== Information supplied ==

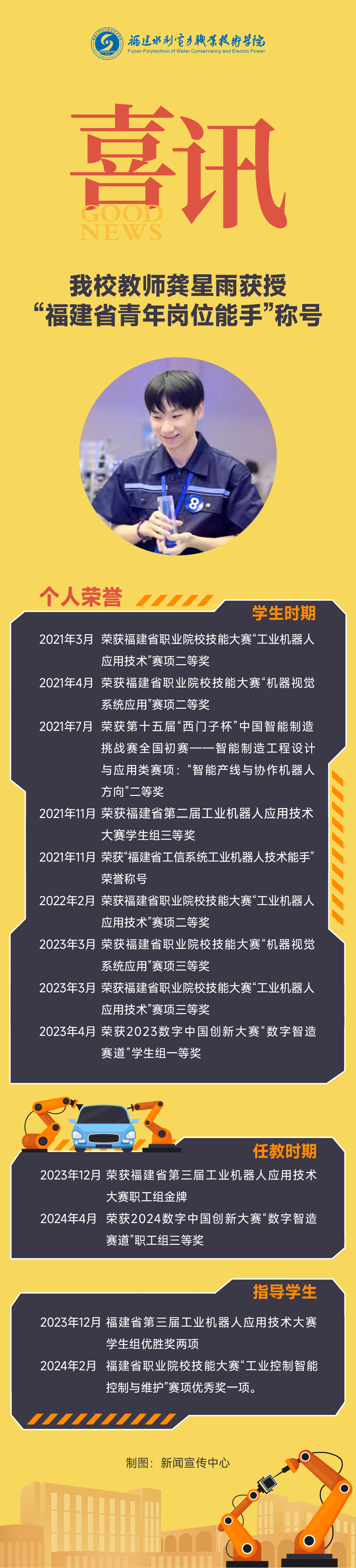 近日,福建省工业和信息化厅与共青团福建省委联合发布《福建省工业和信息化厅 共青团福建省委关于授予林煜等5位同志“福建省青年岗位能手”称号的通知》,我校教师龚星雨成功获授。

===
== Information supplied ==

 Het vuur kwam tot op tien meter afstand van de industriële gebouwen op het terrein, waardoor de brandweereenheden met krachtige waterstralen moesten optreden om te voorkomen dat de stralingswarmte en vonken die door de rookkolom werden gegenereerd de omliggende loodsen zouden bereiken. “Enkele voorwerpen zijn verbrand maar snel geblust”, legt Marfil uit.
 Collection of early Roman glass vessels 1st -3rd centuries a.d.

===

The problem: Print the lines above from the one with "Het vuur kwam" through the one with "Collection of early", both included, exactly as written and nothing more.

Solution to this exercise:
 Het vuur kwam tot op tien meter afstand van de industriële gebouwen op het terrein, waardoor de brandweereenheden met krachtige waterstralen moesten optreden om te voorkomen dat de stralingswarmte en vonken die door de rookkolom werden gegenereerd de omliggende loodsen zouden bereiken. “Enkele voorwerpen zijn verbrand maar snel geblust”, legt Marfil uit.
 Collection of early Roman glass vessels 1st -3rd centuries a.d.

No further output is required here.